Ballard, who has a young son she plans to take to Wind Surge games, said the hidden fee is making her reconsider.
“It’s a lot of money to go the ballpark anyways,” Ballard said. “It’s so expensive it’s getting to the point where you might as well go to a Royals game for how much you end up spending.”
The Wind Surge have dealt with a series of setbacks since Wichita built a stadium to lure the Triple-A team from New Orleans formerly known as the Baby Cakes.
Its inaugural season in 2020 was canceled because of the COVID-19 pandemic. The team dropped from Triple-A to Double-A as part of a Minor League Baseball realignment that changed the team’s affiliation from the Miami Marlins to the Minnesota Twins.
The team’s general partner, Lou Schwechheimer, died of COVID in 2020.
Kobritz, CEO of the Wind Surge, said all of the “Ballpark Development Fee” goes back to the team to spend as it sees fit. It will apply to all apparel, concessions and individual tickets. It does not apply to season or group tickets.
Kobritz said the team plans to have signs posted at the stadium.
“There is a sign — well, they may not have gotten it applied yet,” he said Thursday afternoon. “We haven’t really gotten started yet: signs that are set up for the sales tax, the CID and the ballpark development fee.

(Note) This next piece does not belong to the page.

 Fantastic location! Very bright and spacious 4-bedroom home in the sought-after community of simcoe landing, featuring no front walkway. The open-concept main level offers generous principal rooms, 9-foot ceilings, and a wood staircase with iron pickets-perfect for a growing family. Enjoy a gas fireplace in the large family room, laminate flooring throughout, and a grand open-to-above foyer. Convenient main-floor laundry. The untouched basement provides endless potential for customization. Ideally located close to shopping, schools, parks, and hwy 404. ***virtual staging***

“If you’re telling me they’re not there, that tells me they didn’t come back from the sign manufacturer here,” Kobritz said. “We’ve got the sign, but we’re not going to just print out a piece of paper and put it up there in Scotch Tape. That’s all, so we sent it out to get it professionally designed on some vinyl.”

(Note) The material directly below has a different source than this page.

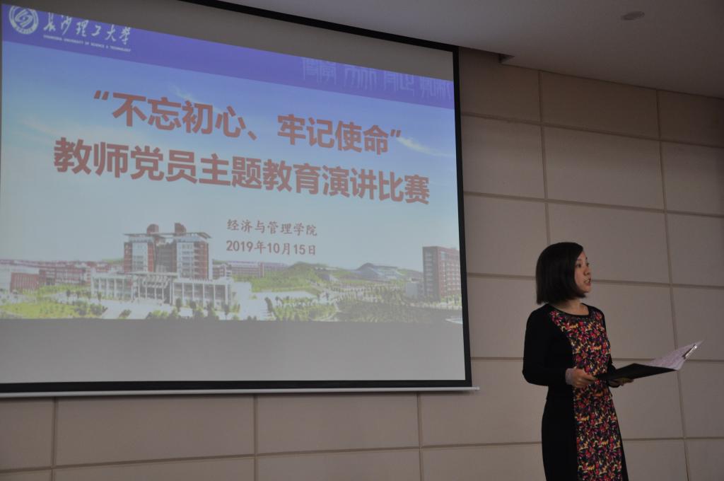 10月15日下午,经管学院“不忘初心、牢记使命”教师党员主题教育演讲比赛于云塘校区文科楼A200顺利举行。本次比赛由院党委副书记涂道勇主持,院党委书记王宏、教师代表周建华、刘洪深、张鼎祖、王健康、张勇、王宏霞担任评委。经各教工支部推荐,共有十二名教师参加此次比赛。

“They will be displayed in every retail locations — so in the merch store, in the concession stand and the ticket office,” he said.
The city has committed northward of $100 million on the ballpark, surrounding development and infrastructure to support the stadium. All sales tax revenue at the stadium goes to pay off $42 million in STAR bonds issued for the stadium. An added 2% CID tax also pays down debt on Riverfront Stadium.

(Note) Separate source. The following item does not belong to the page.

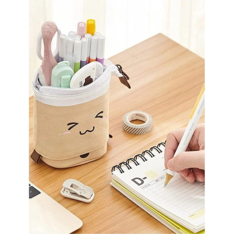 je idealna rešitev za organizacijo vaših pisarniških potrebščin ali kozmetike. Narejena je iz visoko kakovostnega 100% poliestra, kar zagotavlja dolgo življenjsko dobo in odpornost proti vsakodnevni uporabi. Elegantna kremno rjava barva peresnice ji daje sofisticiran videz, ki se prilega vsakemu okolju.

The City Council also approved a development agreement that sold 4.5 acres of riverfront property to the Wind Surge owners for $1 an acre in exchange for future commercial development by the team.
Kobritz said the added development fees will offset the team’s investment in the surrounding area.
“We actually invested close to $10 million, so this ballpark development fee is designed to recoup some of that, obviously over a period of time,” he said. “We are in the process of beginning the development around the ballpark, and we will have tens of millions of dollars of expenses associated with that, and so that fee will help [offset] some of those costs as well.”
The fee was not approved by the city council or the state government.
“It’s private. We didn’t need any approval,” Kobritz said. “I think people are used to paying fees in this environment.”